Hanefi mezhebinin muteber âlimlerinden İbni Nüceym, el-Eşbah ve’n-Nezair isimli eserinde bu konuya dair şöyle der:
Cemaati terk etmeye ruhsat tanıyan mazeretler kırk civarındadır:
Yağmur, kar, gece için geçerli olmak üzere şiddetli rüzgâr, yürümekte zorlanacak derecede yerlerin çamurlu olması, deprem, sam yeli/aşırı sıcak çöl rüzgârı, gün ortasındaki aşırı sıcak, şiddetli soğuk, zifiri karanlık, (Bunlar umumi olan özürlerdir. Bundan sonrası zikredilecekler ise şahıslara ait özürlerdir.) Hastalık, bedenine veya malına gelecek bir zarar, mesela ekmeğinin fırında olması veya yemeğinin ocakta olup başında duracak başka kimsenin bulunmaması -bu misallerde o günlerdeki şartlar göz önünde bulundurulmuştur-, iflas etmiş kişinin alacaklıları tarafından -haksız yere- sıkıştırılması, belli bir zaman geçmesiyle hak sahiplerinin affedebileceği cezalar, kaza-i hacet ihtiyacı, açlık ve susuzluk, aç kalmış kimseler için sofranın hazırlanmış olması, mühim bir şeyi bekliyor olmak, dışarı çıkmaya münasip elbisesinin bulunmaması, sefere hazırlık yapan kişinin kafileyi kaçırmaktan korkması, izalesi elde olmayan, kötü kokulu bir şey yemiş olmak, şiddetli ağız kokusu, hastalık seviyesindeki ter kokusu, balıkçılık gibi rahatsız edici kokuya sebep olan meslek erbabından olmak, bulaşıcı alaca hastalığı, cüzzam hastalığı, hasta bakıcılığı yapmak, Birlikte namaza gidemeyeceklerse beklenen bir yakının veya kendisine hususi yakınlığı olan bir hastanın ziyaretinde bulunmak, kayıp aramak, gasp edilmiş malını teslim alma fırsatı bulmak, meşru bir gerekçeden neşet eden, ne yaptığını bilemeyecek şekilde aşırı uyku hali, yürümekte zorlanacak derecede aşırı şişmanlık, itham altında olmak, yolda kendisine fiili veya sözlü eziyet verecek birisinin bulunması.[7]

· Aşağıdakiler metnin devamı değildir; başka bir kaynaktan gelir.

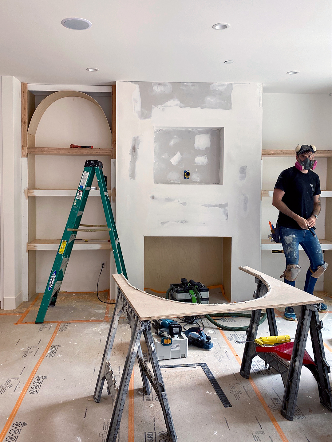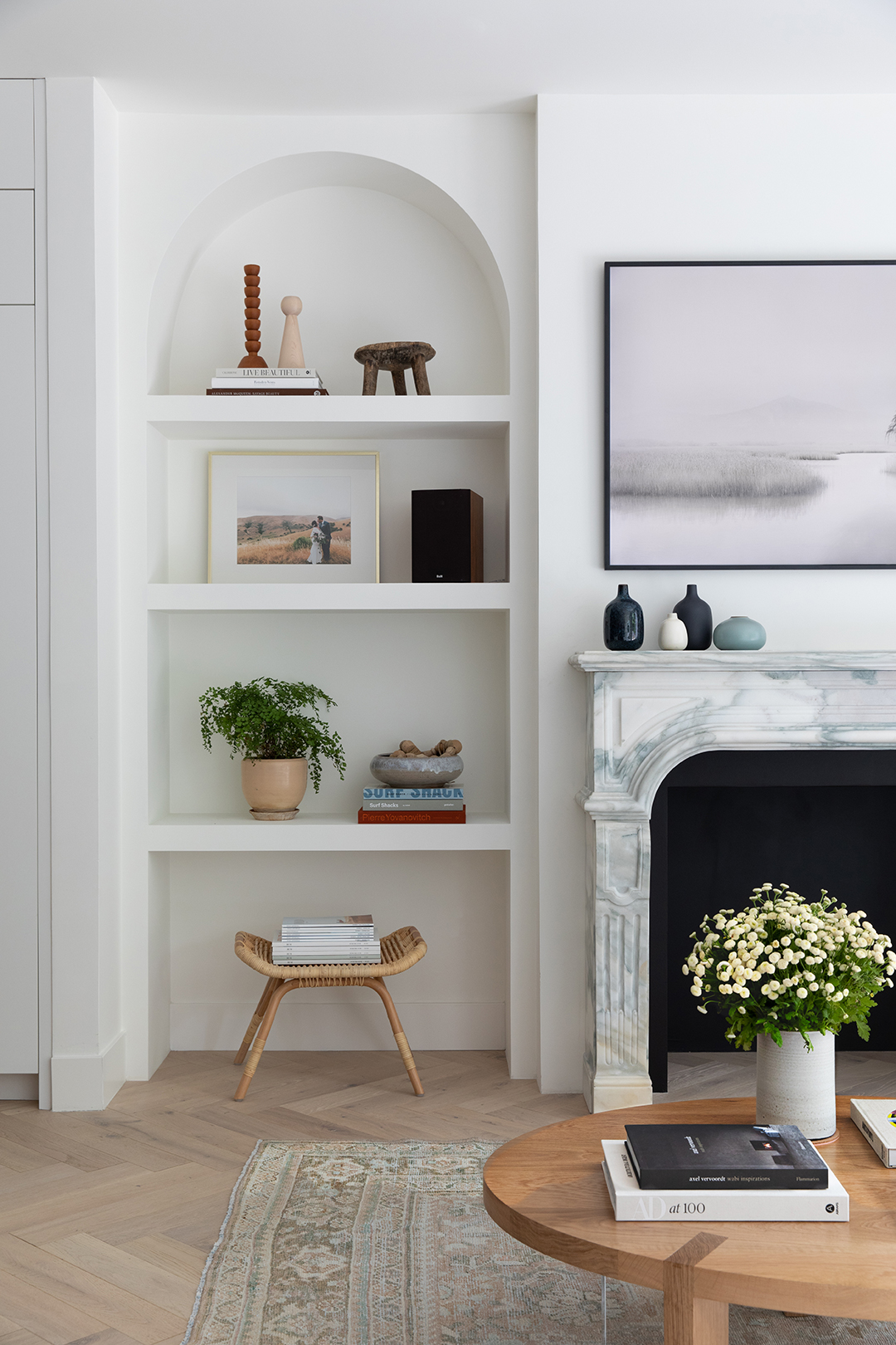 One of the things that was evident from the owners’ inspiration images was that the mantel had to be real marble, not just phony plaster or wood. Monkhouse tracked down a place in Florida called Fine’s Gallery that sells prefabricated fireplace surrounds. “They range from super-ornate to borderline crazy to minimal and modern,” she says. Once she put the order in for their Arabascato marble one, she tasked local design consultant and handyman Jasper Montgomery with executing the bump-out for the feature and the arched built-ins that would go around it.

Mezkûr nakillere baktığımızda, fevkalade hallerde cemaat ile namaza ve hatta Cuma namazına dahi ara verilebileceği anlaşılmaktadır.
Bu gibi durumlarda Müslümanlar olarak bizlere düşen tedbirli olmak ve cümle taksiratımızdan ötürü af dileyerek, Ümmet-i Muhammet’den belaların kaldırılması için, ziyade affedici, yüce Mevla’mıza yalvarmaktır.
وَآخِرُ دَعْوَانَا أَنِ الْحَمْدُ لِلَّهِ رَبِّ الْعَالَمِينَ…
İsmailağa Fıkıh Heyeti
Fetvanın Arapça metni: الفتوي في الجماعة و الجمعة حين حدوث الأَوْبِئَة و الأمراض المسْتَوْلِيَة
[1] Ahmet bin Hanbel, r.9263; Müslim, r.5922-3; Tahavi, Meani’l-Asar, r.7033
[2] Ahmet bin Hanbel, r.1536; Buhari, r.5396; Müslim, r.5905; Tirmizi, r.1065; Tahavi, Meani’l-Asar, r.7047.
[3] Ahmet bin Hanbel, r.19474; Müslim, r.5958; Nesai, r.7590.
[4] Buhari, r.606; Müslim, r.1632-3.
[5] Buhari, r.859; Müslim, r.1637.
[6] Zafer Ahmed et-Tehânevi, İ’lau’s-Sünen, c.2, s.150.
[7] İbni Nüceym, el-Eşbah ve’n-Nezair, s.440.